Le second titre de la toute nouvelle collection Espionnage des éditions Gallimard résonne étrangement. Les espions qui traversent ce récit de Marc Dugain semblent tous un peu en bout de course. L’un des personnages a cette réflexion : « On fait un drôle de métier, à contre-courant de notre époque, qui est celle de l’exhibitionnisme, où chacun veut exister dans le regard des autres. Nous, vivants ou morts, on est des ombres, on fait le boulot et on disparaît ensuite sans bruit, sans reconnaissance. » Trois d’entre eux vont décider de quitter les rangs, devenir indépendants, retrouver leur libre arbitre, exister.
Le premier à abandonner ses illusions se nomme Ben. Tireur d’élite d’un commando des forces spéciales françaises, il bascule en pleine opération en Afrique. Il couvre ses camarades qui vont délivrer des otages des mains de terroristes. Mais quand il découvre le visage fin et délicat d’une jeune femme dans la lunette de son fusil, il décide de ne pas tirer pour l’éliminer. Cela coûtera la vie aux otages et à tous ses amis. Seul survivant avec une sacrée culpabilité sur les épaules.
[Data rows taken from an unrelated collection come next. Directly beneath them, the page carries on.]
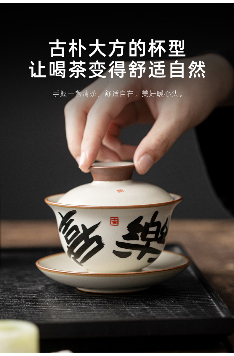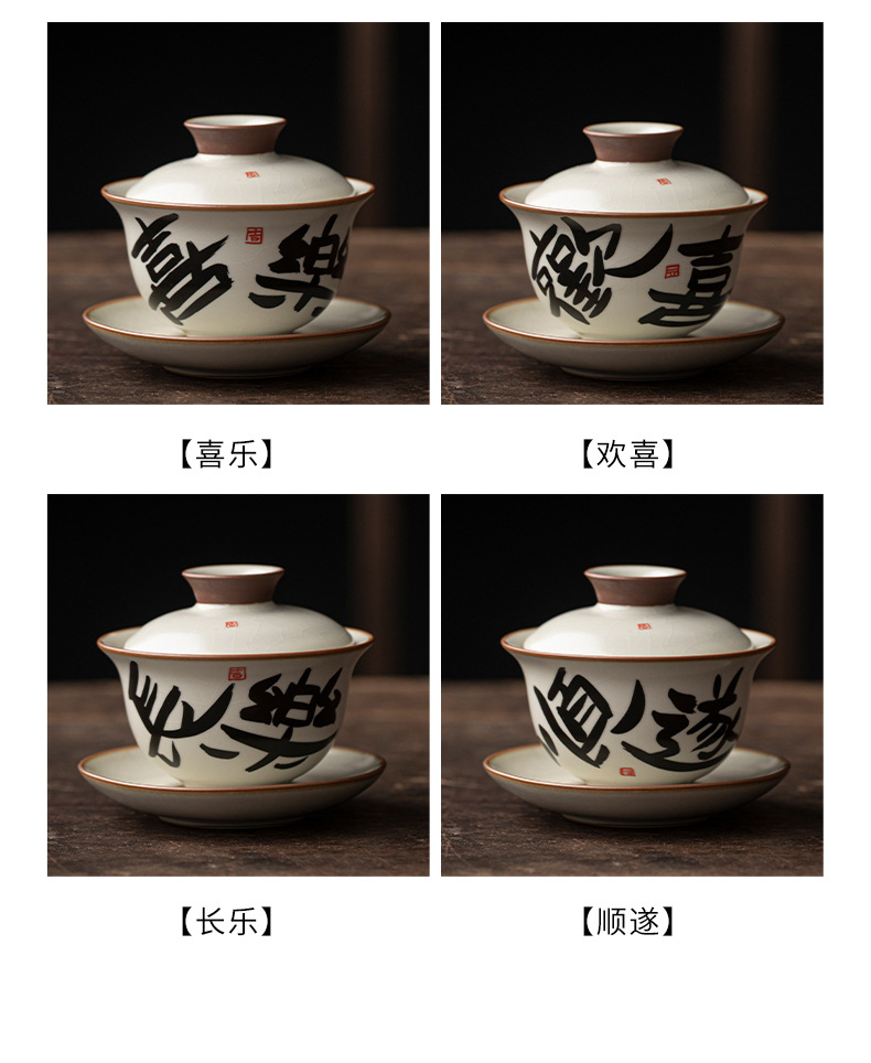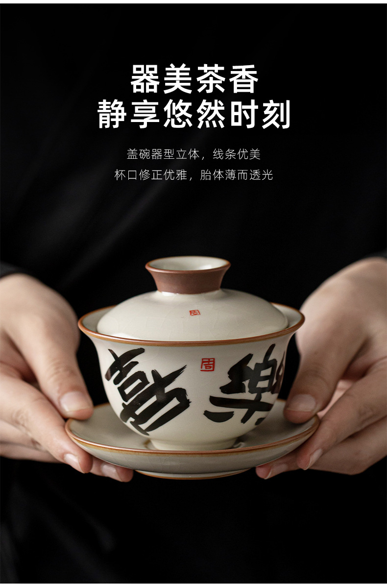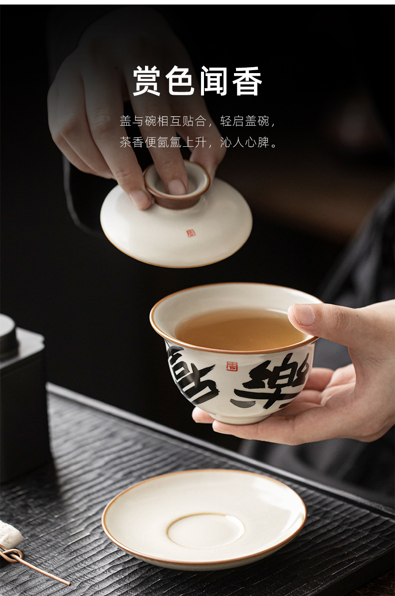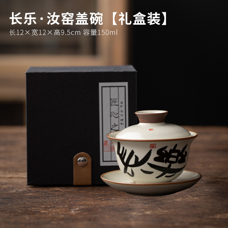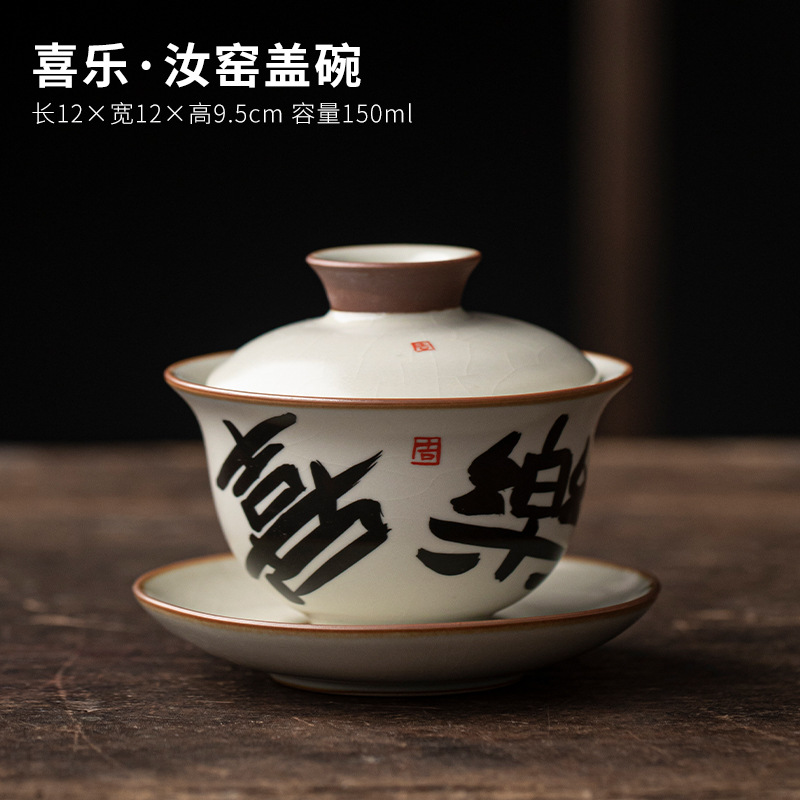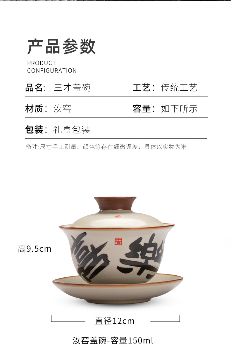 汝窑随意悬停三才盖碗米黄泡茶碗茶杯单个不烫手陶瓷家用功夫茶具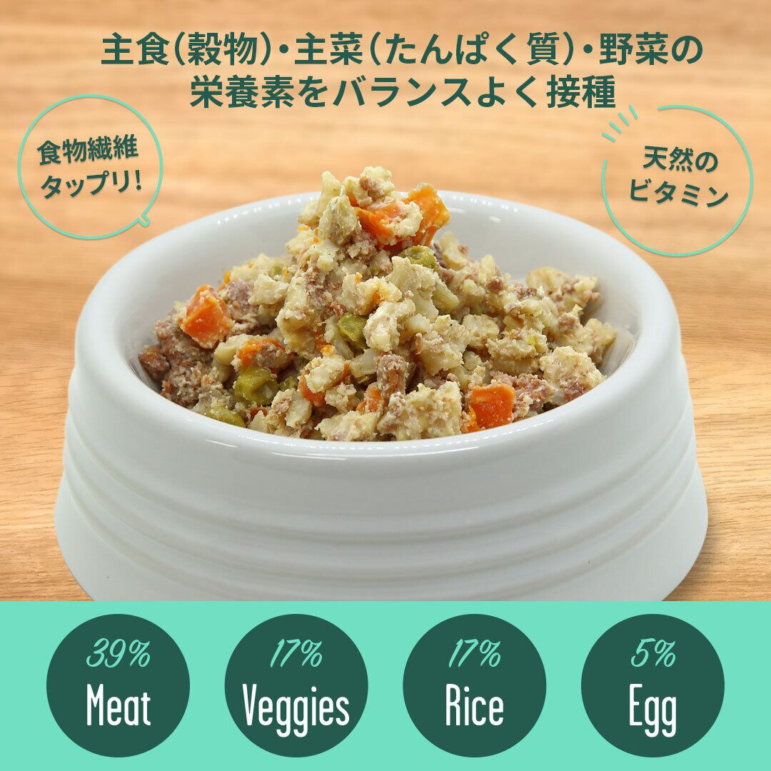 牛肉、玄米、ニンジン、エンドウ豆、牛ハツ、卵、雑穀粉、卵殻粉、塩、植物油、水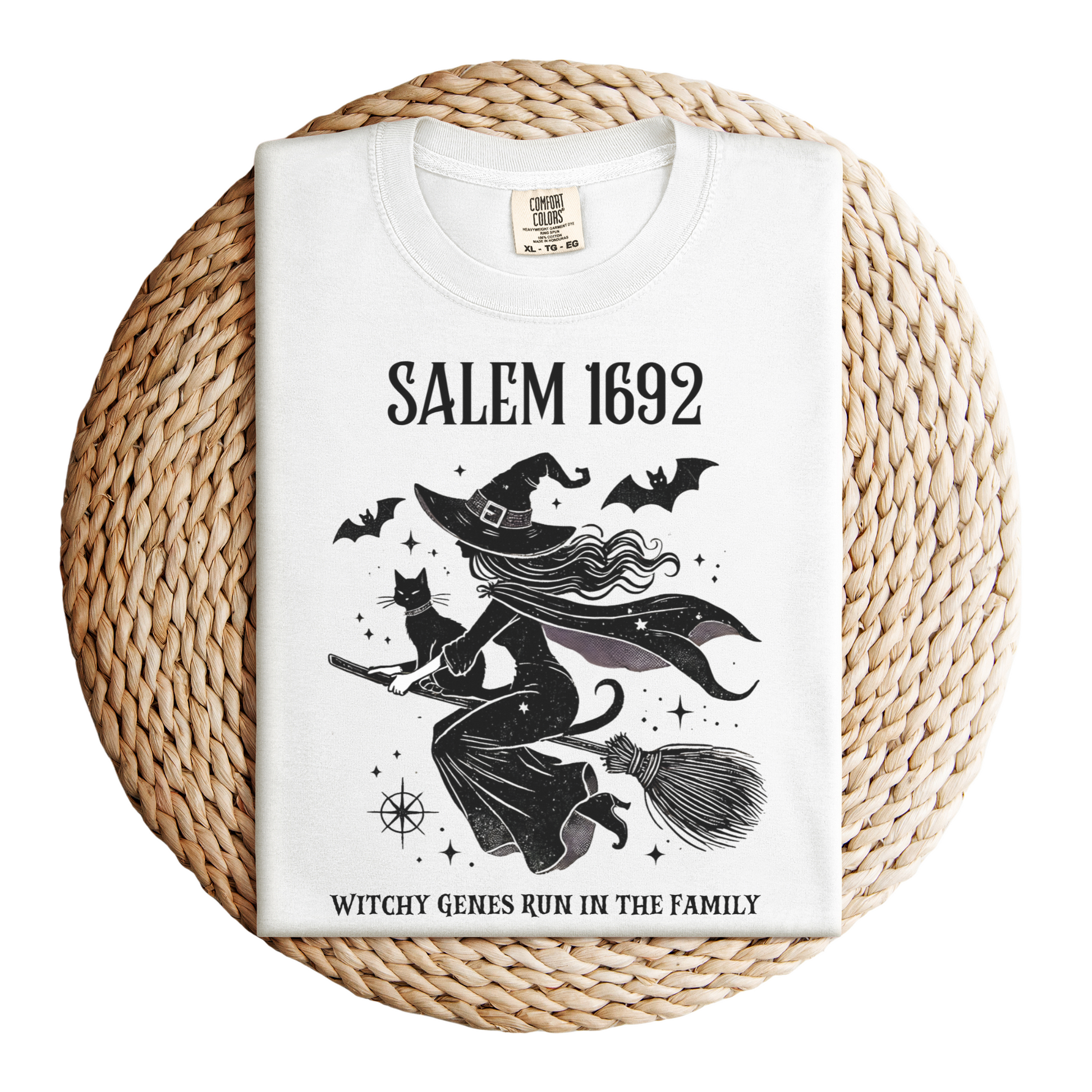 Embrace your enchanted ancestry with our Salem 1692 “Witchy Genes Run in the Family” shirt!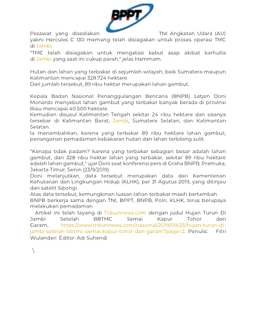 Artikel ini telah tayang di Tribunnews.com dengan judul Hujan Turun Di Jambi Setelah BBTMC Semai Kapur Tohor dan Garam, https://www.tribunnews.com/nasional/2019/09/23/hujan-turun-di- jambi-setelah-bbtmc-semai-kapur-tohor-dan-garam?page=2. Penulis: Fitri Wulandari Editor: Adi Suhendi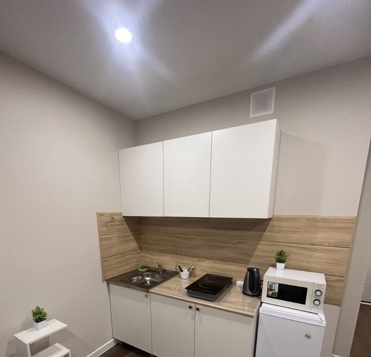 Студия светлая и уютная. Есть всеобходимое для проживания.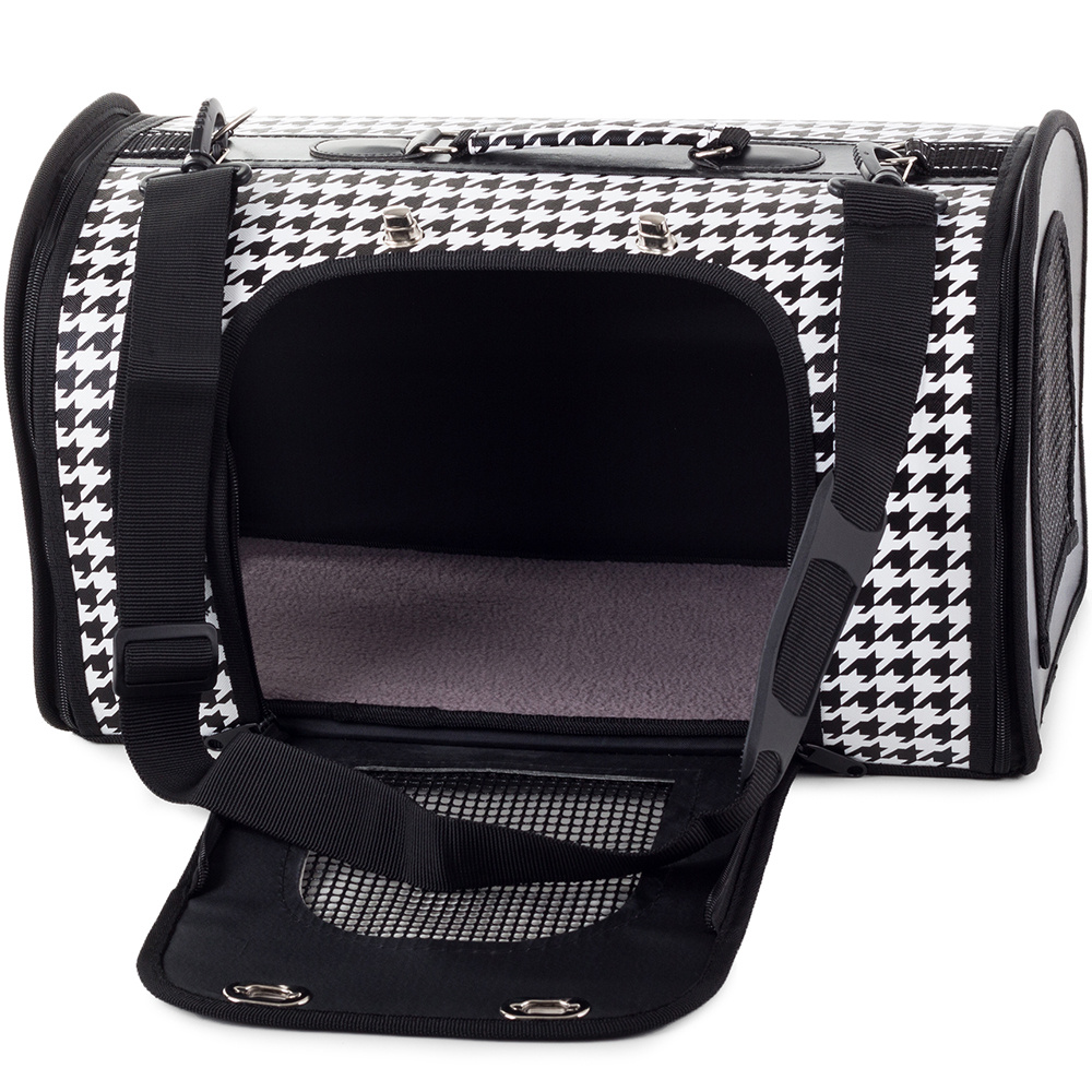The transport bag is the ideal solution for conveniently transporting pets when travelling by bus, train or to the vet It has an elegant and fashionable design, comfortable to transport and has been made of strong and durable material.

Dans sa cavale il sera rejoint par un producteur de films documentaires (sa couverture) et sa maîtresse, ancienne du Mossad. Ils vont tenter de dérober une centaine de millions à des narcos en passe de les blanchir en Iran. Ce roman d’espionnage alterne moments d’action (l’attaque en Afrique, le vol du pactole des trafiquants de drogue) et des explications plus spirituelles sur les motivations de ces hommes et femmes qui mettent leur vie entre parenthèses, en danger permanent, pour des causes qui souvent les dépassent.
Et comme c’est Marc Dugain qui est à la manœuvre, en plus d’un réalisme à toute épreuve, le style fait plus penser à une étude savante entre philosophie et analyse de la société qu’à un simple roman de gare avec un fond d’espionnage. De la grande littérature, mais en prise directe avec l’actualité.